Old 12-27-2017, 01:35 PM
 
Location: Free State of Texas
20,440 posts, read 12,783,448 times
Reputation: 2497
Quote:
Originally Posted by mordant View Post
Greater general purpose intelligence, abstract thinking, tool making and story telling abilities, self awareness, opposable thumbs, a bunch of things. What does that have to do with the point of the post you're replying to, though?

You are very rigid about your asserted but un-evidenced theological differences between humans and animals, between the morality of believers and non-believers (and probably really fundamentalists and other Christians). We get that. Just don't paint those who disagree with your views as disagreeing with god or reality, but merely with YOUR VIEWS. Can you maybe do that? A wee bit of epistemological humility, perhaps?
Doesn’t it seem odd that one species would evolve so much further than ALL the others, for no apparent reason?
 
Old 12-27-2017, 01:44 PM
 
Location: S. Wales.
50,088 posts, read 20,712,695 times
Reputation: 5930
Quote:
Originally Posted by jimmiej View Post
Well said, BF.
But badly argued, notwithstanding that it was just what you wanted to hear.

Quote:
Originally Posted by jimmiej View Post
Doesn’t it seem odd that one species would evolve so much further than ALL the others, for no apparent reason?
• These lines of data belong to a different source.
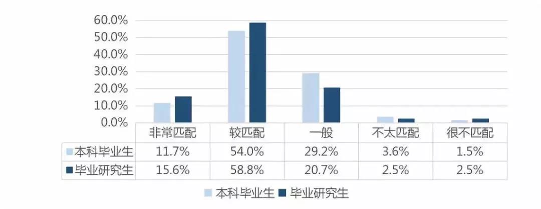 毕业研究生15.6%表示非常匹配,58.8%表示较匹配
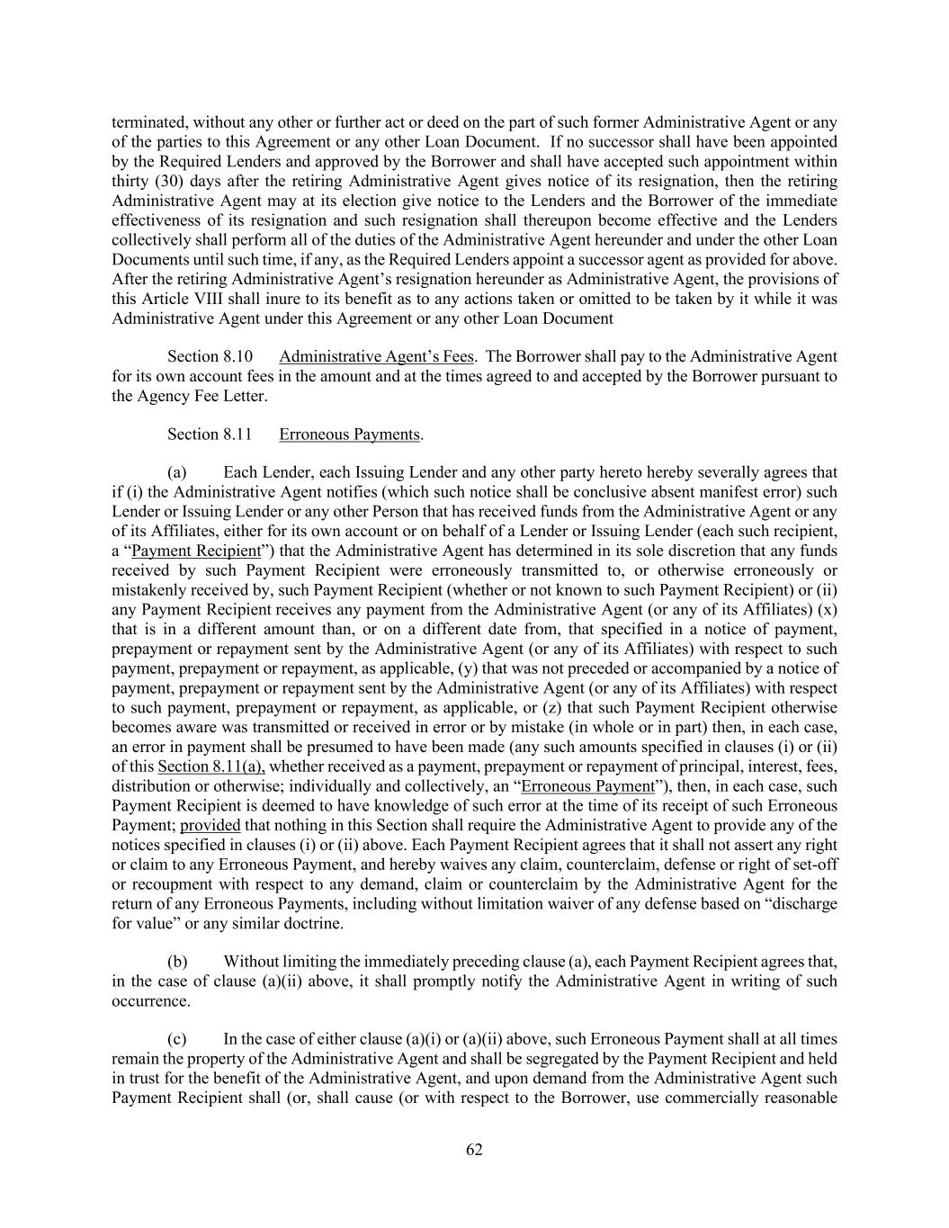 62 terminated, without any other or further act or deed on the part of such former Administrative Agent or any of the parties to this Agreement or any other Loan Document. If no successor shall have been appointed by the Required Lenders and approved by the Borrower and shall have accepted such appointment within thirty (30) days after the retiring Administrative Agent gives notice of its resignation, then the retiring Administrative Agent may at its election give notice to the Lenders and the Borrower of the immediate effectiveness of its resignation and such resignation shall thereupon become effective and the Lenders collectively shall perform all of the duties of the Administrative Agent hereunder and under the other Loan Documents until such time, if any, as the Required Lenders appoint a successor agent as provided for above. After the retiring Administrative Agent’s resignation hereunder as Administrative Agent, the provisions of this Article VIII shall inure to its benefit as to any actions taken or omitted to be taken by it while it was Administrative Agent under this Agreement or any other Loan Document Section 8.10 Administrative Agent’s Fees. The Borrower shall pay to the Administrative Agent for its own account fees in the amount and at the times agreed to and accepted by the Borrower pursuant to the Agency Fee Letter. Section 8.11 Erroneous Payments. (a) Each Lender, each Issuing Lender and any other party hereto hereby severally agrees that if (i) the Administrative Agent notifies (which such notice shall be conclusive absent manifest error) such Lender or Issuing Lender or any other Person that has received funds from the Administrative Agent or any of its Affiliates, either for its own account or on behalf of a Lender or Issuing Lender (each such recipient, a “Payment Recipient”) that the Administrative Agent has determined in its sole discretion that any funds received by such Payment Recipient were erroneously transmitted to, or otherwise erroneously or mistakenly received by, such Payment Recipient (whether or not known to such Payment Recipient) or (ii) any Payment Recipient receives any payment from the Administrative Agent (or any of its Affiliates) (x) that is in a different amount than, or on a different date from, that specified in a notice of payment, prepayment or repayment sent by the Administrative Agent (or any of its Affiliates) with respect to such payment, prepayment or repayment, as applicable, (y) that was not preceded or accompanied by a notice of payment, prepayment or repayment sent by the Administrative Agent (or any of its Affiliates) with respect to such payment, prepayment or repayment, as applicable, or (z) that such Payment Recipient otherwise becomes aware was transmitted or received in error or by mistake (in whole or in part) then, in each case, an error in payment shall be presumed to have been made (any such amounts specified in clauses (i) or (ii) of this Section 8.11(a), whether received as a payment, prepayment or repayment of principal, interest, fees, distribution or otherwise; individually and collectively, an “Erroneous Payment”), then, in each case, such Payment Recipient is deemed to have knowledge of such error at the time of its receipt of such Erroneous Payment; provided that nothing in this Section shall require the Administrative Agent to provide any of the notices specified in clauses (i) or (ii) above. Each Payment Recipient agrees that it shall not assert any right or claim to any Erroneous Payment, and hereby waives any claim, counterclaim, defense or right of set-off or recoupment with respect to any demand, claim or counterclaim by the Administrative Agent for the return of any Erroneous Payments, including without limitation waiver of any defense based on “discharge for value” or any similar doctrine. (b) Without limiting the immediately preceding clause (a), each Payment Recipient agrees that, in the case of clause (a)(ii) above, it shall promptly notify the Administrative Agent in writing of such occurrence. (c) In the case of either clause (a)(i) or (a)(ii) above, such Erroneous Payment shall at all times remain the property of the Administrative Agent and shall be segregated by the Payment Recipient and held in trust for the benefit of the Administrative Agent, and upon demand from the Administrative Agent such Payment Recipient shall (or, shall cause (or with respect to the Borrower, use commercially reasonable
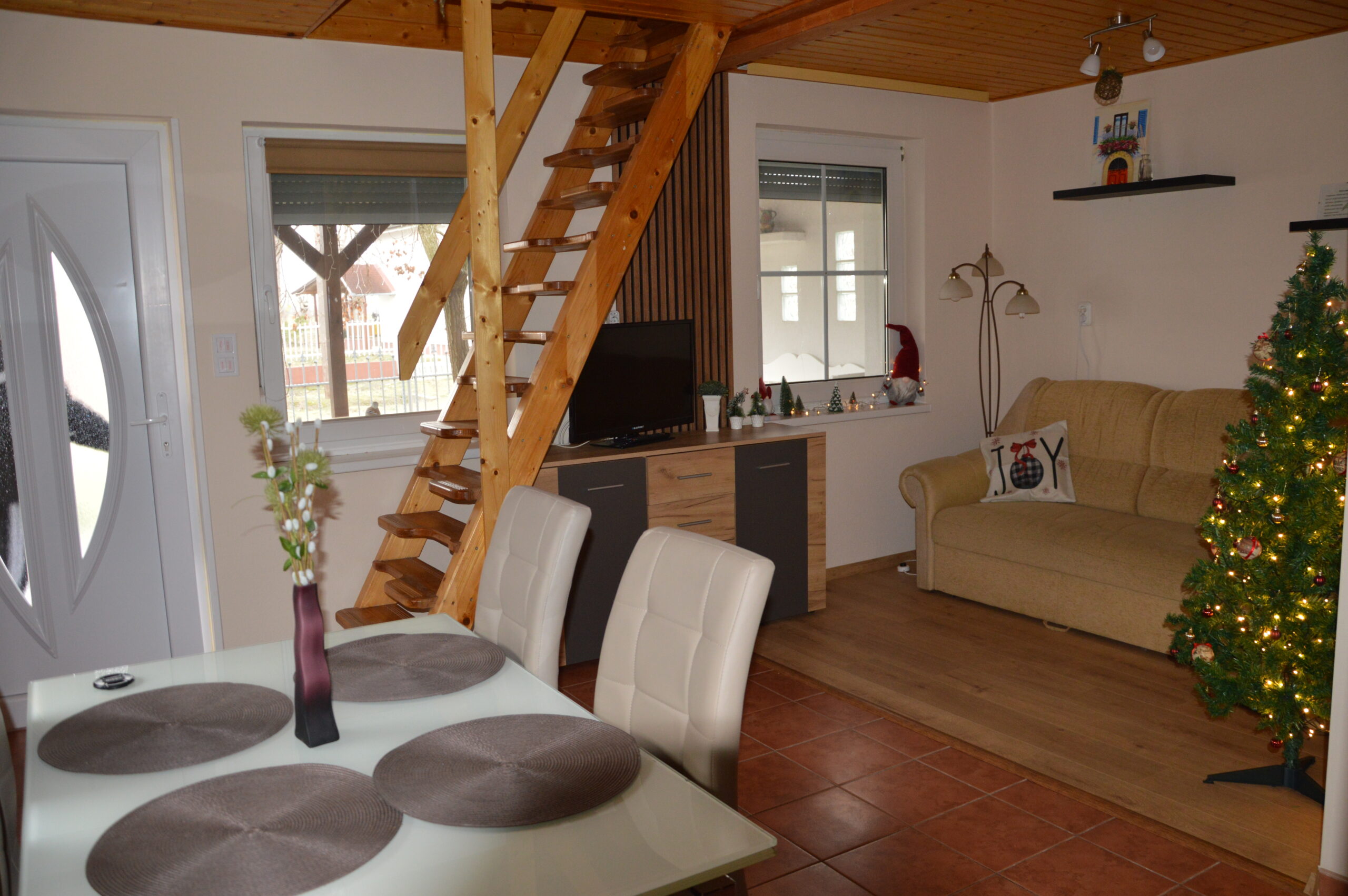 Az apartman 5 /vendég részére biztosít kényelmes elhelyezést.Az apartman foglalási ára 4fő ig 40000 ft, ifa 300ft/fő/éj plusz vendég 10000ft /éjszaka.Kiemelt időpontokon (pl. őszi szünet karácsony szilveszter) más árakat alkalmazunk.Minimum 2 éjszakára foglalható! Az alsó szinten egy ebédlő-nappali rész található, amiből 1 szoba nyílik, illetve a fürdőszoba zuhanyzóval és WC-vel. A konyha hűtőszekrénnyel,mosógéppel, főzőlappal, mikróval, kávéfőzővel és edényekkel felszerelt. Az alsó szinten lévő szobában 1 kétszemélyes francia ágy, a felső szinten egy két személyes franciaágy, egyszemélyes ágy található. A nyaraló klímával felszerelt. A ház előtt fedett, árnyékos, tágas terasz található. A kertben bográcsozásra, illetve sütögetésre is van lehetőség, a gyermekeknek egy fészekhintával kedveskedtünk.

No more odd than one mammalian species evolved flying ability, some reptiles evolved to change colour to match the background and other mammals adapted to a continual sea -life. Ours happened to be the problem -solving and social instinct developed to where it is now. And of course, there were other species with comparable smarts to us, Neanderthals being the closest. We happened to have been the ones to survive. It is remarkable, sure but we can already guess at the environmental bottlenecks and threats that pushed adaptation (as it does) and we don't need to postulate a miracle to explain it, especially when a miracle doesn't fit the evidence.